Well, I would caution against making any assumptions here. The problem with the initial remark was that it was sexist. Sorry, it was. Not JUST men have this problem. We all share it. Women harass, too. The fact that women, roughly half our population, are getting harassed is everyone’s problem. However, the judgement on guys is inherent in the construction of the sentence, and if it effects you that way, then you will see it. But you might not, because it’s syntactic sub-text. It only pops out if you’re looking for it, the same way using the word “boner” here would change your perception of the phrase “pops out,” if I wanted to make a crass joke. It’s pattern-recognition working on a semantic level.

However, the sentence wasn’t meant to be about that, in reality. The sentence was about women and an issue they face. But, a sentence is written and interpreted separately, so it must be wrought carefully. When we speak on social media, we have to be clear, because we’re talking to literally everyone. We need to be sensitive, because we might be shouting at everyone on the planet that’s on Twitter, especially if we’re hashtagging, which is universal short-hand for “everyone pay attention, I’m saying a thing.”

More importantly, we need to do our best to search for a poster’s meaning. It’s hard, though, because we’re working with so little information. If your friend says something insensitive, then you have a history with them that you can use to understand what they mean. On Twitter, under a hashtag, we have 140 characters and a bunch of assumptions about the culture we live in. That’s a lot of information, honestly, but cultural information does not apply directly to human beings. You need to know where culture intersects with the facts of their life. And even then, you’ll only have a caricatured understanding of them as a person, because you won’t know what their memories, habits, biology and self are.
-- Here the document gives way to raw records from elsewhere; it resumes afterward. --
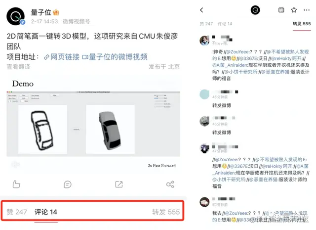 量子位在微博上搬运了朱俊彦团队的新成果,一个能将2D草图一键变成3D模型的新算法,却意外引发设计圈盆友们的热烈转发讨论。
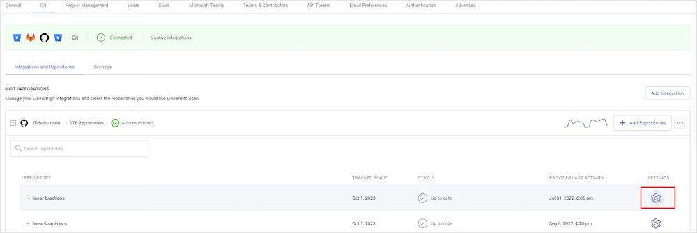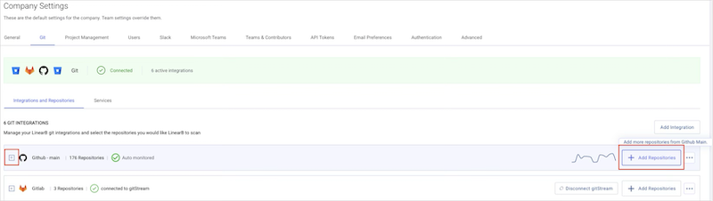 For more information, refer to the article Add Additional Repositories to LinearB.
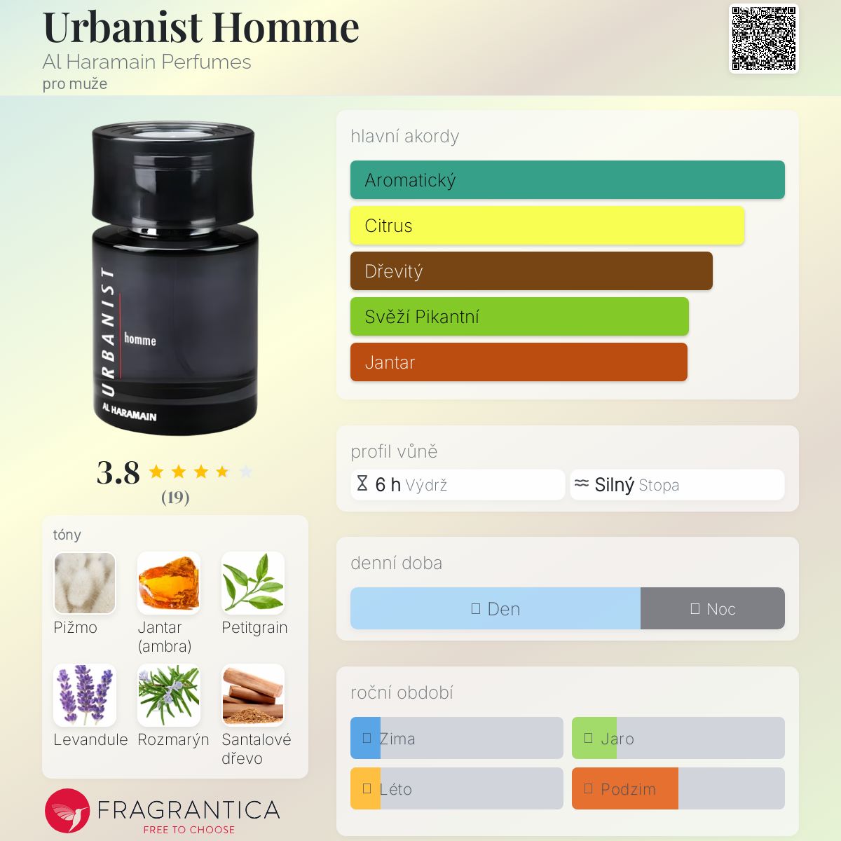Urbanist Homme podle Al Haramain Perfumes je Orientální Spicy vůně pro muže. "Nosem" za touto vůní je Christian Carbonnel. Vrchní tóny jsou Petitgrain, Pomeranč a Citrón; střední tóny jsouLevandule, Rozmarýn a Jasmín ; základní tóny jsou Pižmo, Jantar (ambra), Santalové dřevo a Fazole tonka.
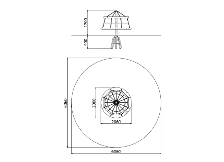 Карусель веревочная состоит из металлического каркаса из стали с оцинкованным покрытием, с канатной оплеткой и канатного обвеса. Канаты изготовлены из многожильного армированного износостойкого каната. Оцинковка металла производится методом электрохимической гальванизации.
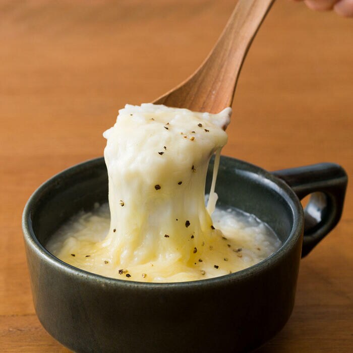 残ったスープにご飯とチーズを入れ、仕上げにブラックペッパーを散らせば、シメのレモンチーズリゾットが完成。おなか一杯なのに、ついつい手が伸びるほどおいしいと評判です。
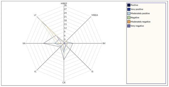 This research employed sentiment analysis to explore the relationships between different categories of data as a way of synthesizing and making sense of the data. It is important to note that NVivo does not rate content on a Likert scale based on how well it meets the Likert criteria specific to each piece of content. The sentiment of each word is analyzed in isolation, not taking into account the context of the words when this analysis is conducted. Table 4 provides matrix coding results according to the sentiment of the words.
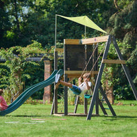 Introducing the Plum Siamang Playcentre featuring an 8ft Slide, Cargo Net, Sandpit, Chalk Wall and Shade Cover! Hey there, adventure-loving familie...
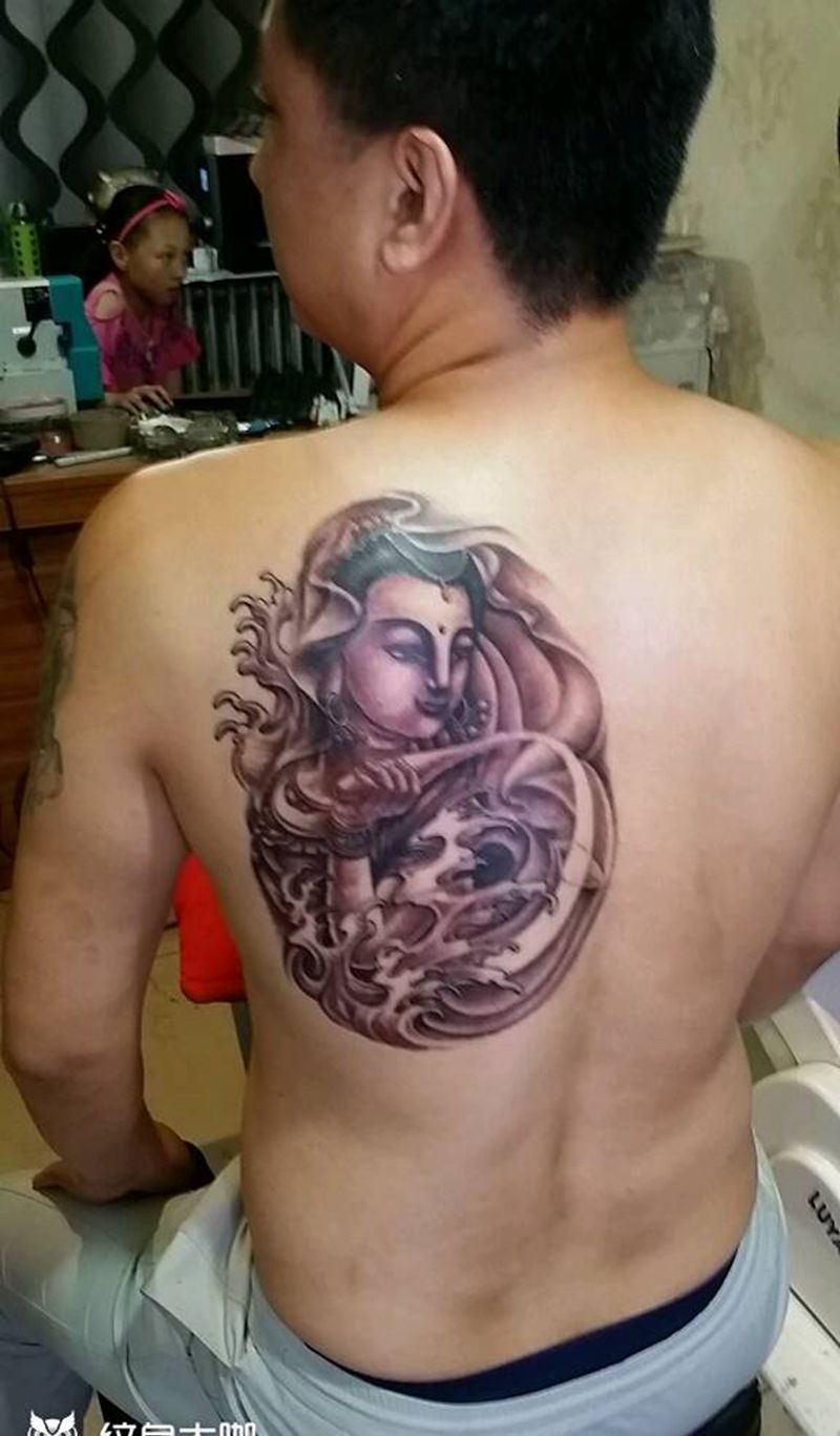观音菩萨纹身图片_肩部背部传统习俗人物宗教成品纹身图案

But, YesAllWomen and NotAllMen are working on a cultural level. So, the individual often gets over-written by the cultural narrative to which ze or he or she is speaking. The only way I see to begin solving this issue is by trying really hard to understand what someone means when they’re speaking on Twitter, not just what they’re saying. This won’t solve our problems. YAW and NAM go much deeper than this issue of communication, but we do need to be able to talk to each other if we’re going to work through issues like this efficiently and thoughtfully.
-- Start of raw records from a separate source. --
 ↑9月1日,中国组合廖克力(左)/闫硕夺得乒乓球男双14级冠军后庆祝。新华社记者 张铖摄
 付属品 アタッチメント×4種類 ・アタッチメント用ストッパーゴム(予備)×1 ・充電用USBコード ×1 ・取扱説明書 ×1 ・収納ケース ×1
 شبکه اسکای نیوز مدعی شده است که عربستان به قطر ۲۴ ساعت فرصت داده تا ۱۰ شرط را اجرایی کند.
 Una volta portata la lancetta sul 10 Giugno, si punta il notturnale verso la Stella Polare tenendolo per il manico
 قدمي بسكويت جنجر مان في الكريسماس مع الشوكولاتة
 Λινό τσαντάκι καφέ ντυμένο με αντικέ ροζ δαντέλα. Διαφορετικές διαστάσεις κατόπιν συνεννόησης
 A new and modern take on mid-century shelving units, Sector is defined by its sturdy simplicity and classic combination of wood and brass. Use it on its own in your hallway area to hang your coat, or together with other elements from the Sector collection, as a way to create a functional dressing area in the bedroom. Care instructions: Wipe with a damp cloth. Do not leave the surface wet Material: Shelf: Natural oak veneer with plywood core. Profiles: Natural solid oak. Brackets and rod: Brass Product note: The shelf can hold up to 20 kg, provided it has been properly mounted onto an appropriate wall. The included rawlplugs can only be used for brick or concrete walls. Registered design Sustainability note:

Yes, all women deal with harassment, but not all men have to let that fact dictate their identity, even if it should inform it. We can just “be” without harassing each other, but we can’t ignore that it’s happening, either. I don’t know what you think of these issues, and I’m not trying to convince you of anything but the importance of listening honestly. So, whatever my thoughts on these topics really are, I’ll see you on the other side.

Trivial Punk is a white, cis-gendered male living in the upper-lower class with a University education and too much time on his hands. He likes rice, wears glasses and once fell in a lake. #Canada

I only have my perspective, and it’s horribly flawed, because it’s horribly small. Please, check this issue out, because I only see a small portion of it at once, so I could be totally off-base. Cheers!